That said, it certainly depends a lot on context. My team at work has tried
full on switch-every-ninety-minutes Promiscuous Pairing a couple of times.
Once, it worked really well: everyone started knowing the code much better; we
got more done; we spent less time stuck and confused and more time producing
quality software. Another time, it was a nightmare: everyone felt rushed and
confused; it seemed like we were constantly being interrupted; we never felt
like we were getting anything done.

I'm not entirely sure what made the difference. Our going explanation is that,
the second time around, we had a higher baseline level of interruptions
already, so the constant switching just added stress and made it impossible to
focus. We haven't tried switching that aggressively since then (although we've
been considering it lately, as the circumstances seem better for it--that's
why it's on my mind right now).
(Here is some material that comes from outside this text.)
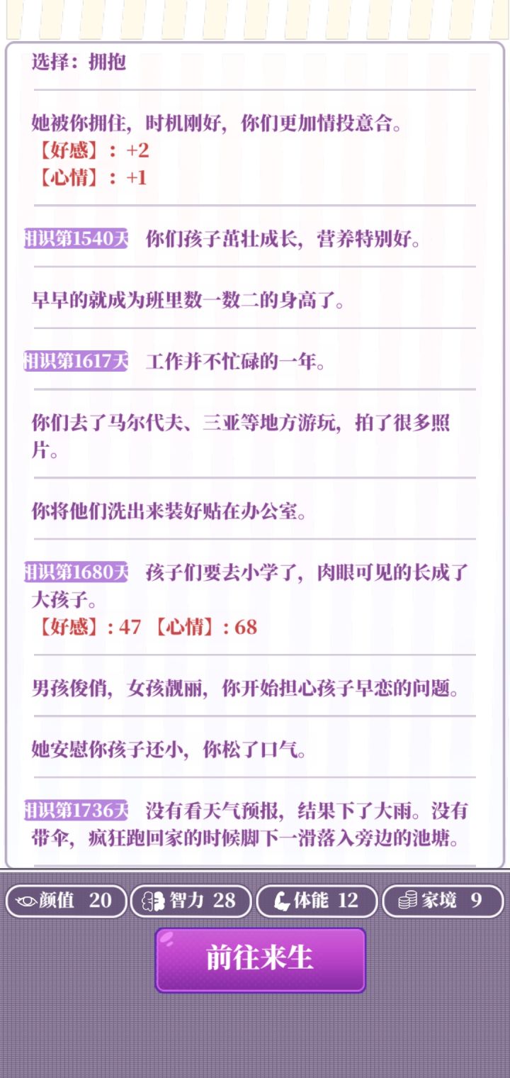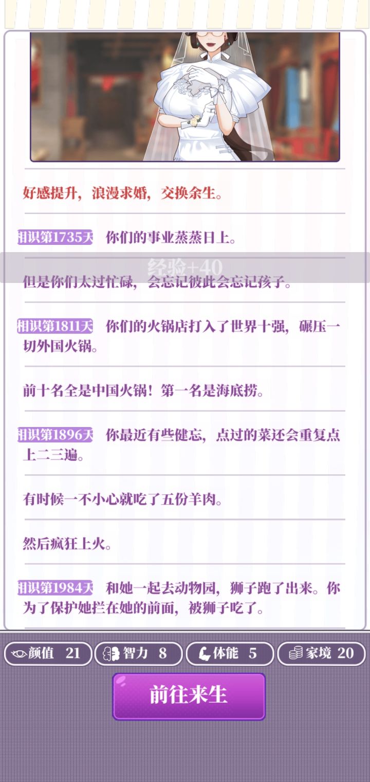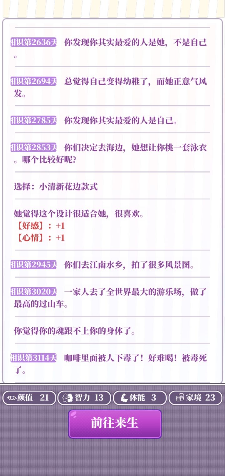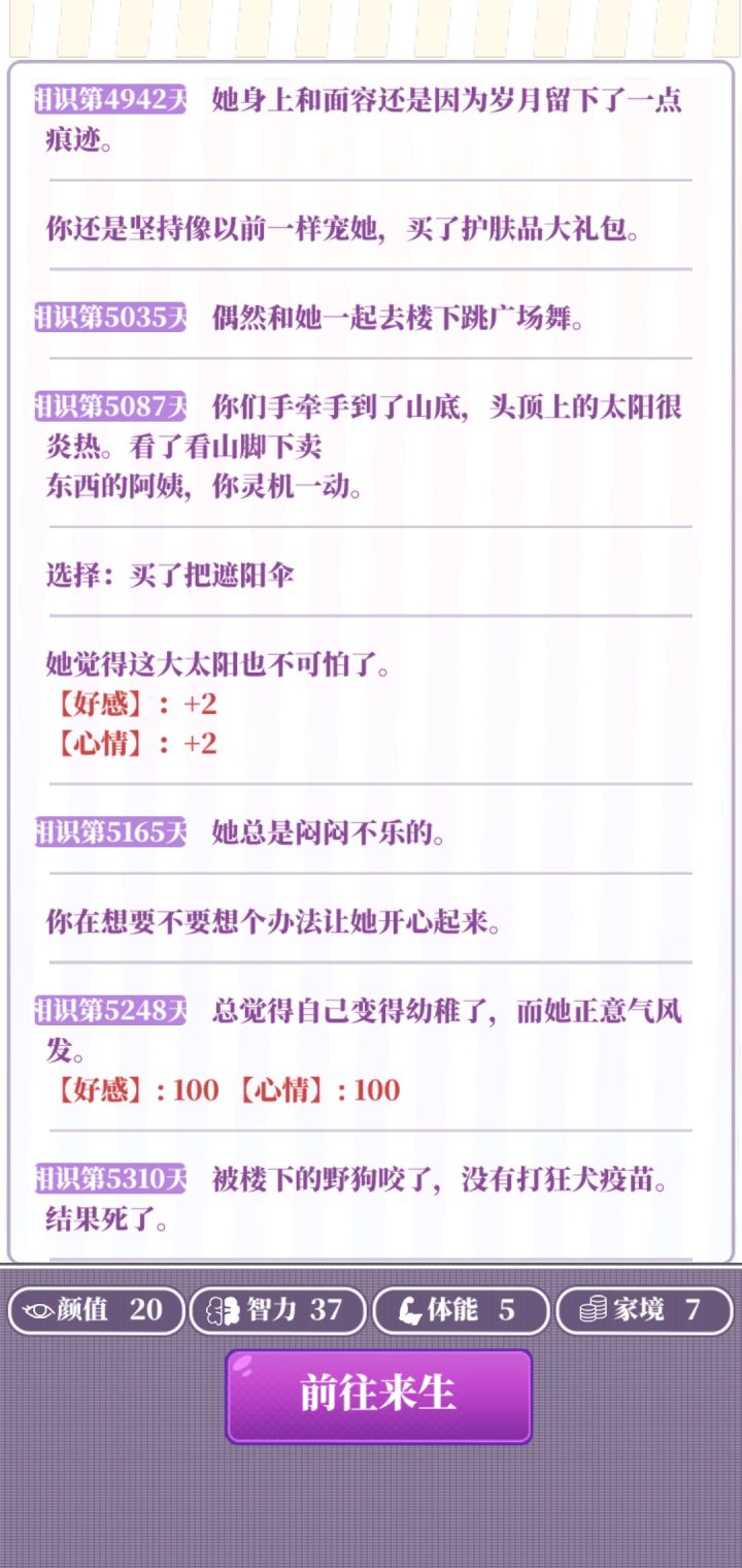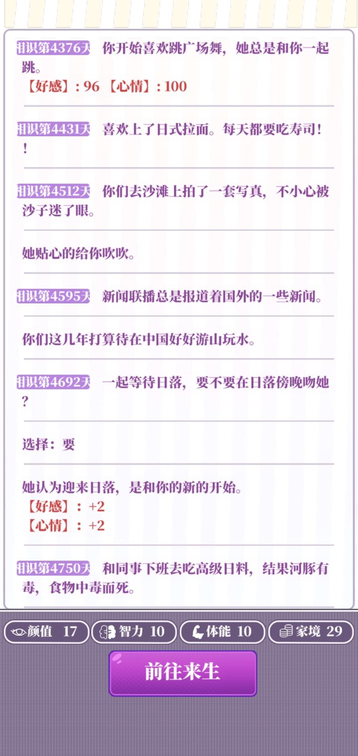 属性:推荐属性全部20以上(基础属性+分配属性+天赋这些加起来够就行)天赋:几乎没用,不怕辣的天赋会被辣死,唱歌厉害的属性会被嫌弃唱歌不好(不用执着于刷红天赋,就算刷到了,你运气不好半路嘎了也白搭,不如带着普通天赋多打几局)部分选项:一些选项两个都扣属性就比如画大饼和付出实际行动,或是乞丐说你们会在一起和暴富,只能自认倒霉多刷一下。广告:开局平均没2到3把就可以去属性强化那看有没有经验礼包,

On the other hand, it's still rare for us to
switch less than once a day, and that's been absolutely great.

------
jonathanwallace
We have a variant of this for new hires that come onto our team at
<http://highgroove.com>. You'll pair with every existing highgroover over the
course of your first 5-6 weeks.

Also, this sounds very similar to the benefits I see when running code
retreats, <http://coderetreat.org/>. Though the problem domain doesn't change
throughout the day at a code retreat, its interesting to watch the diffusion
of ideas and knowledge.

------
moss
The article's link to the original paper doesn't seem to be working. Here it
is:
[http://csis.pace.edu/~grossman/dcs/XR4-PromiscuousPairing.pd...](http://csis.pace.edu/~grossman/dcs/XR4-PromiscuousPairing.pdf)